The $6000 Suzanne Spencer Memorial Māori Scholarship remembers Ngā Kaitatau Māori o Aotearoa’s (NKMoA) first deputy chair, a Chartered Accountant with Dunedin firm Polson Higgs. NKMoA is the National Māori Accountants Network.
The scholarship is open to all wāhine (woman) Māori accounting students with a focus on achievement for themselves, their whānau (family) and the community.
Fiona is doing a Bachelor of Commerce (Agriculture and Professional Accounting) degree. The four-year degree encompasses the core requirements of the B.Com(Ag) degree as well as the accounting and business courses required to enable qualification as a professional accountant.
Fiona says that as a Southlander from a farming family, she’s pleased her degree has a rural spin.
“Southland’s my home, and what I’m studying allows me to combine an accounting degree with my interest in agriculture and farming,” she says.
“In some way or another this country is connected to the primary industries, so being able to understand how that all works alongside accounting will be a benefit.”

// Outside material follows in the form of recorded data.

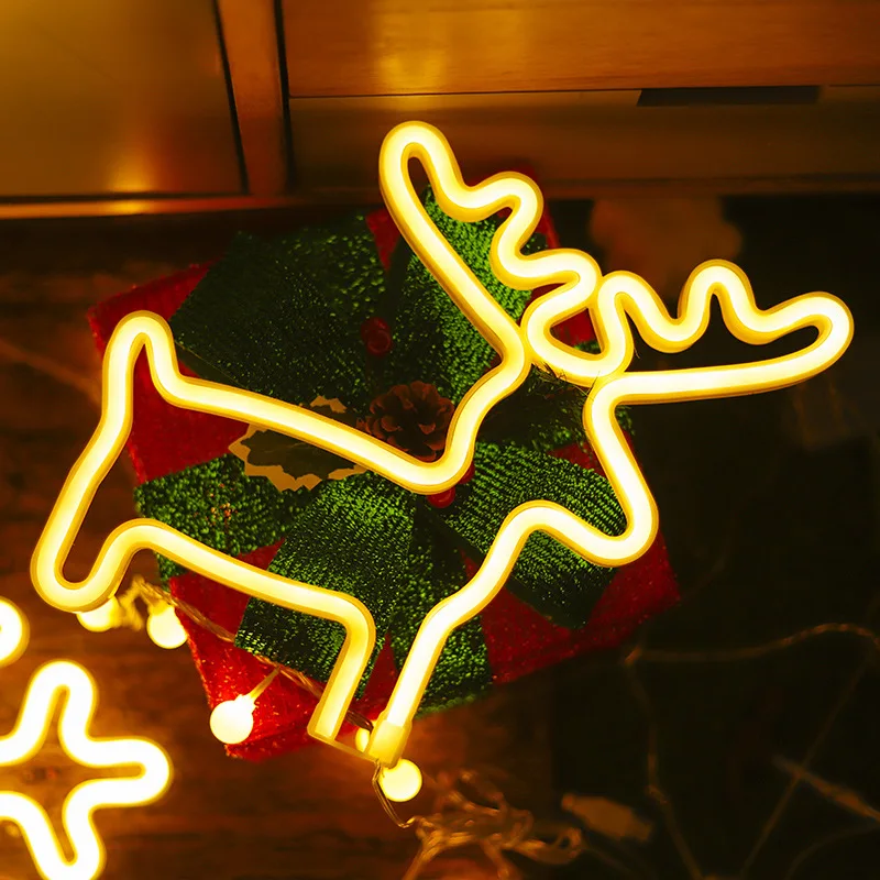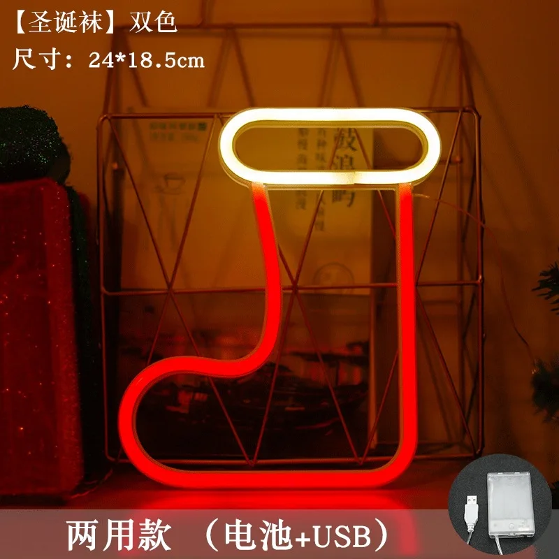 Светодиодные рождественские носки, неоновая вывеска, светильник, цветной настенный светильник, s, шляпа, колокольчики, Рождественская елка, снежинка, лось, украшения, декор для комнаты Вечерние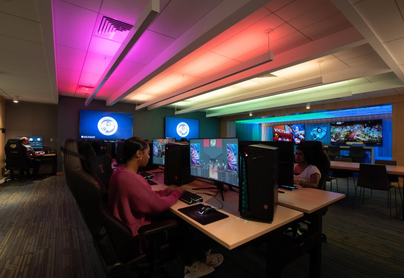 Endless combinations of colors and effects are available to attract attention to the nascent E-Sports program, thanks to the ultra-flexible lighting and control system’s design.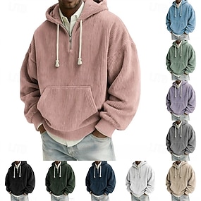 Miesten Huppari Vakosametti Pullover-huppari Quarter vetoketjullinen huppari Aprikoosi Musta Valkoinen Vaalean vihreä Punastuvan vaaleanpunainen Hupullinen Tavallinen Kengurutasku Textured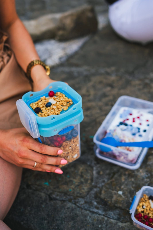 Nadaje się do podgrzewania w mikrofalówce (uchwyty są odporne na nagrzewanie, należy podgrzewać otwarty pojemnik). Nadaje się również do lodówki, zamrażarki i mycia w zmywarce. Lunchbox jest wolny od szkodliwych substancji, jak BPA.

She says it’s also beneficial in an agricultural field to have knowledge of holistic Māori views on sustainability.
“I may be able to help farmers understand these ways of thinking and integrate them into their farming systems so they can farm more profitably and sustainably.”
She says she’s noticed more Māori students enrolling in business courses, and she’d advise other young people, particularly young Māori, to “give accounting a go.
“Accounting’s not just numbers – it’s building relationships with people, talking to them, and helping them make important decisions about their families and businesses.”